Antonio: Sarebbe già molto. Sembra davvero che la nostra specie continui ad avanzare senza rendersi conto del fatto che siamo aggrappati a uno scoglio buio piantato nell’universo. Viviamo in una situazione di specie che è pazzesca e perseveriamo ad andare avanti in una macchina cieca, distruttiva. Sorprende che questo non venga fuori più spesso a livello narrativo. Credo che sia ancora una volta questione di rassicurazioni.

Anna: L’ultima domanda. Io ti credo un Dostoevskij del Duemila. Mi ami un po’ per questo?

Antonio: È impossibile non amare una persona che ti dice una cosa così.

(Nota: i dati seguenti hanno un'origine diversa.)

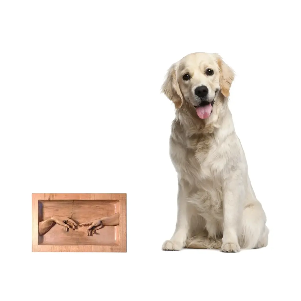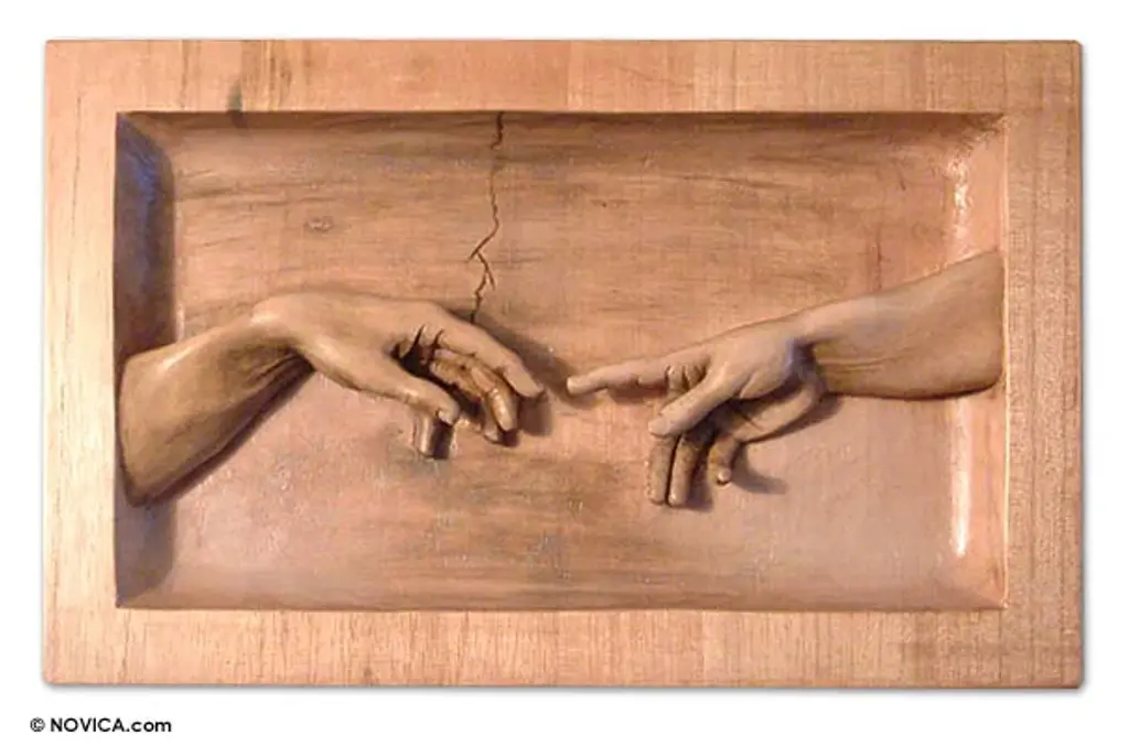 God reaches across the heavens and passes the spark of life to the first man. The Montalvo Family recreates a portion of the Michelangelo painting "The Creation of Adam" that graces the Sistine Chapel in Rome. Working in cedar wood, they carefully carve this beautiful relief panel as an expression of their own deep faith. A metal hook at the back facilitates hanging.
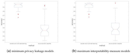 Figure 6 summarizes the experimental results where accuracies obtained by both minimum privacy-leakage models and maximum interpretability-measure models have been displayed as box plots.
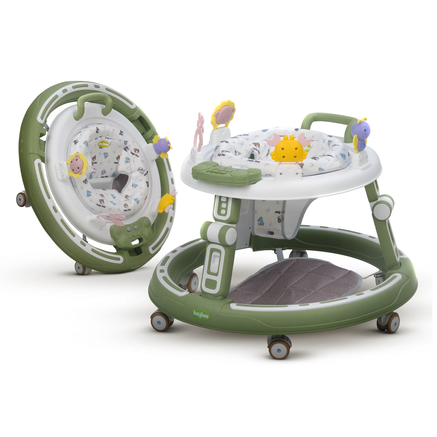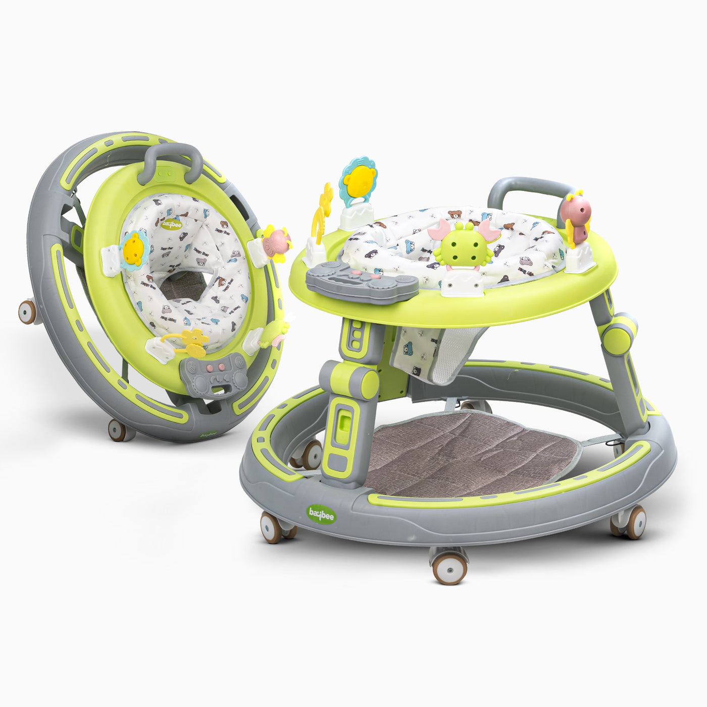 The Baybee Whizz Baby Walker grows with your baby! Its 3 height adjustments ensure optimal support and comfort for babies aged 6 to 24 months. Whether your little one is learning to stand or confidently taking their first steps, this walker adapts perfectly to their needs. Let your baby explore with ease! The Baybee Whizz Walker features a 360° rotating seat, providing your little adventurer with maximum mobility. This feature enhances their curiosity while ensuring they stay secure and enjoy every moment of discovery. Keep your baby entertained and engaged with a playful musical toy bar and interactive rattle toys! These delightful add-ons are perfect for stimulating auditory and motor skills, making every use of the walker a joyful experience. The removable and washable cushion ensures your baby's comfort and hygiene. Its ergonomic design supports long play sessions, while the easy-to-clean material keeps the walker fresh and ready for daily adventures. Designed for modern families, the Baybee Whizz Baby Walker is lightweight and folds easily for storage or travel. Whether at home or on the go, this compact activity push walker makes parenting easier while keeping your baby happy and engaged!
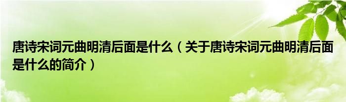 本文關于唐詩宋詞元曲明清后面是什么的簡介就講解完畢,希望對大家有所幫助。
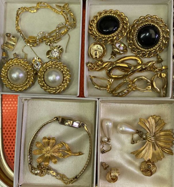 COROCRAFT, MONET & OTHER GOLD TONE JEWELLERY ETC - a good quality collection of various brooches, necklaces, bracelets, bangles and various earrings along with a Corvette lady's wristwatch and other interesting items

Bibliografia delle opere di Antonio Moresco

Clandestinità, Bollati Boringhieri, Torino 1993
La cipolla, Bollati Boringhieri, 1995.
Lettere a nessuno, Bollati Boringhieri, 1997
Gli esordi, Feltrinelli, Milano 1998
La visione (con Carla Benedetti), KKP, Milano 1999.
Il vulcano, Bollati Boringhieri, Torino 1999
Storia d’amore e di specchi, Portofranco, L’Aquila 2000
La santa, Bollati Boringhieri 2000
Scrivere sul fronte occidentale, (a cura di Antonio Moresco e Dario Voltolini), Feltrinelli 2002
Canti del caos. Prima parte. Feltrinelli, Milano 2002
L’invasione, Rizzoli, Milano 2002
Canti del caos. Seconda parte Rizzoli, Milano 2003
***
Con interventi, saggi, brevi narrazioni, Antonio Moresco partecipa al progetto collettivo di Nazione Indiana.